### Problem details
Your answer must match, word for word, the lines from the one holding "原文记载于新浪财经2020年" through the final line below, with pictures excluded.

### Stored data
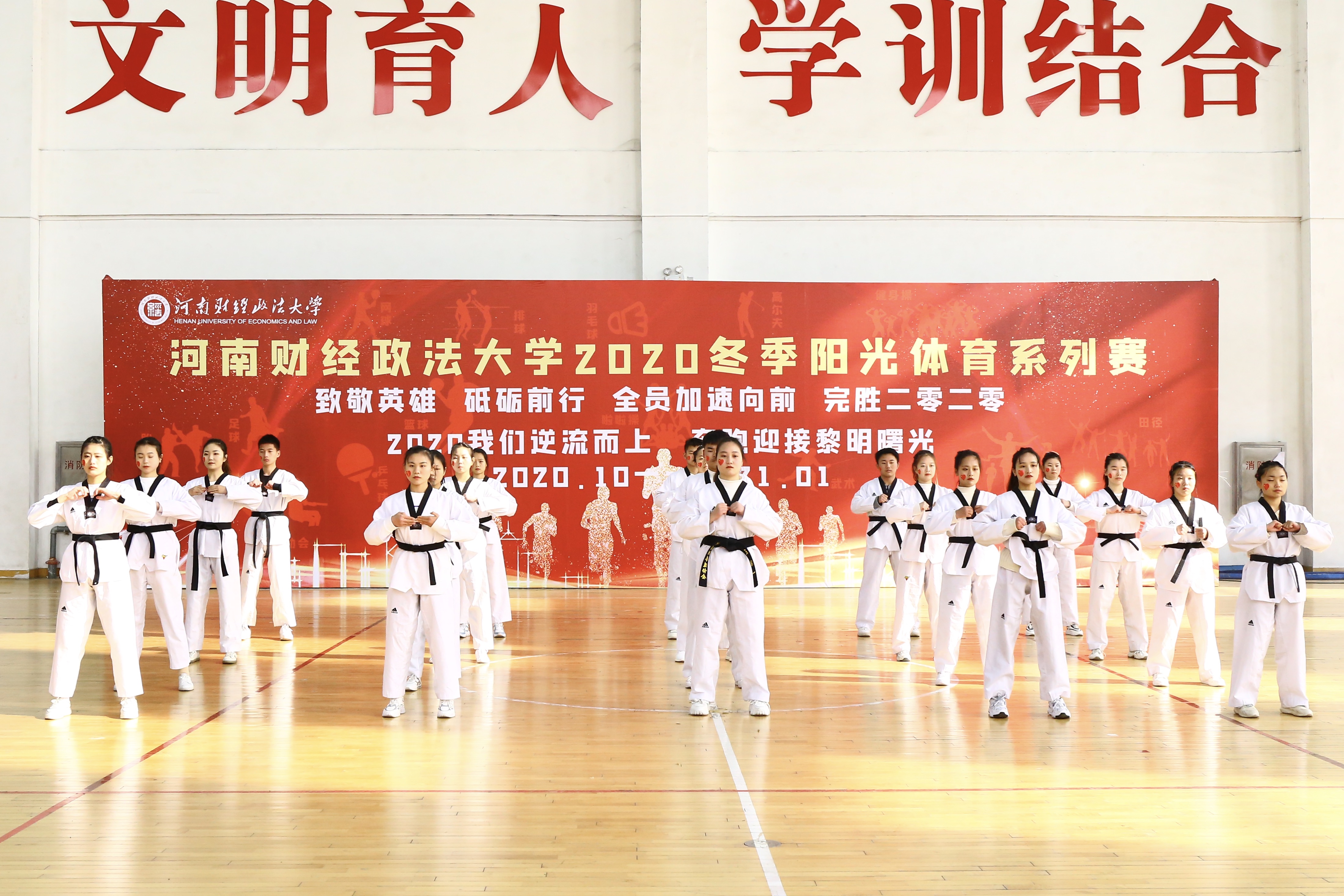 1月2日下午14:00,williamhill英国参加2020级新生品势跆拳道比赛,本次活动在英国威廉集团郑东校区东操训练馆内举行。
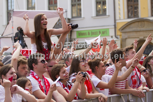 : Fans on concert of Ewy Farny and Ewa Farna during UEFA Football Euro 2012 match between. Poland and Czech republic Match of UEFA Football European Championships 2012 between Poland and Czech republic was played on Saturday, 16th of June 2012 in Wroclaw, Poland.
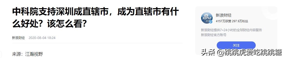 原文记载于新浪财经2020年8月4日关于中科院支持深圳成直辖市,成为直辖市有什么好处?该怎么看?
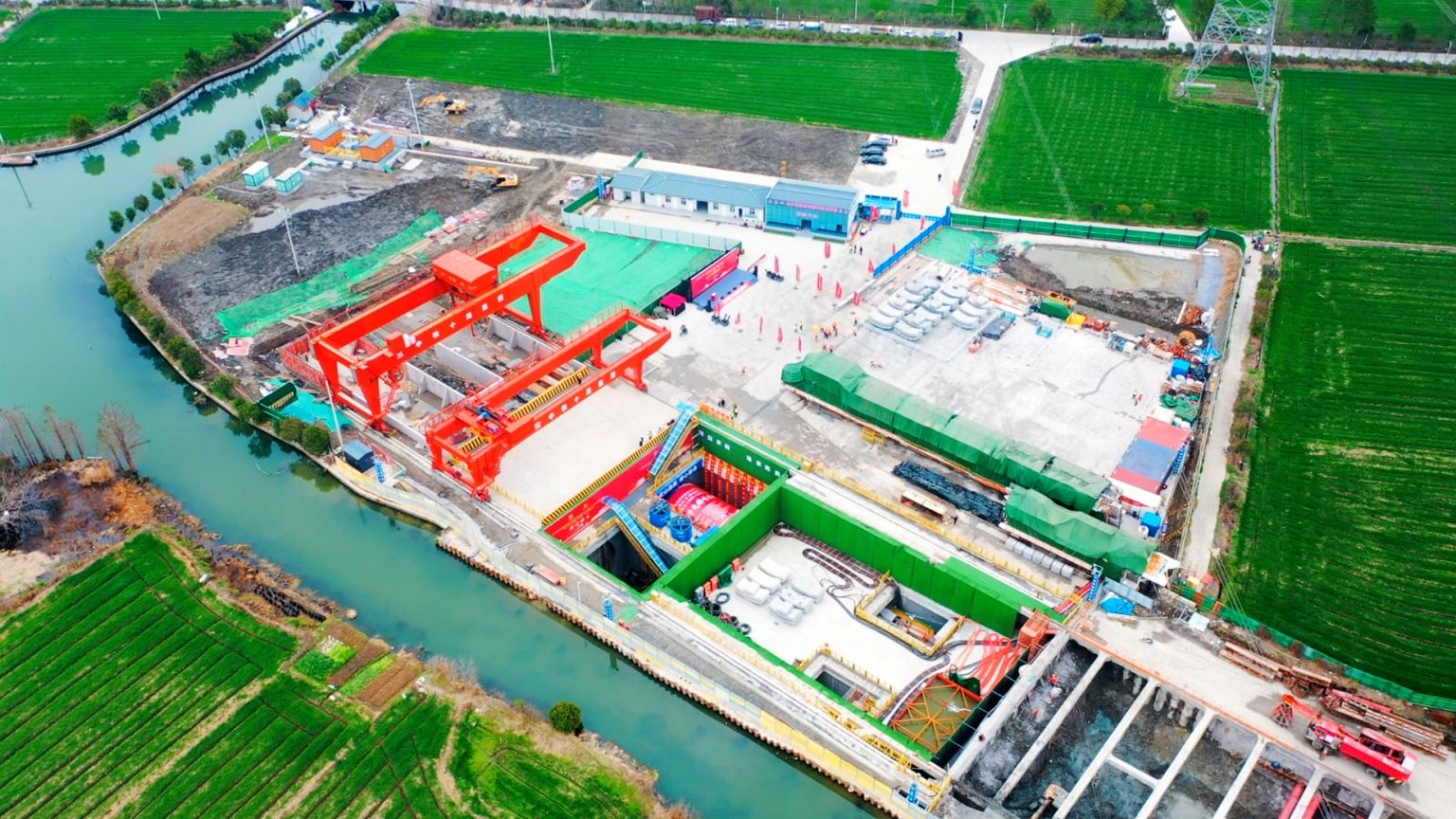盾构始发井位于浙江省嘉善县西塘镇境内。此次掘进区间全长4154.94米,其中浙江段长2091.28米、上海段长2063.66米。“水乡先锋号”盾构机整机总长约120米,开挖直径9.305米,总重达952吨,搭载智能掘进、土仓可视化等核心技术,可实现隧道开挖与衬砌安装一体化作业。

### Response area
 原文记载于新浪财经2020年8月4日关于中科院支持深圳成直辖市,成为直辖市有什么好处?该怎么看?
盾构始发井位于浙江省嘉善县西塘镇境内。此次掘进区间全长4154.94米,其中浙江段长2091.28米、上海段长2063.66米。“水乡先锋号”盾构机整机总长约120米,开挖直径9.305米,总重达952吨,搭载智能掘进、土仓可视化等核心技术,可实现隧道开挖与衬砌安装一体化作业。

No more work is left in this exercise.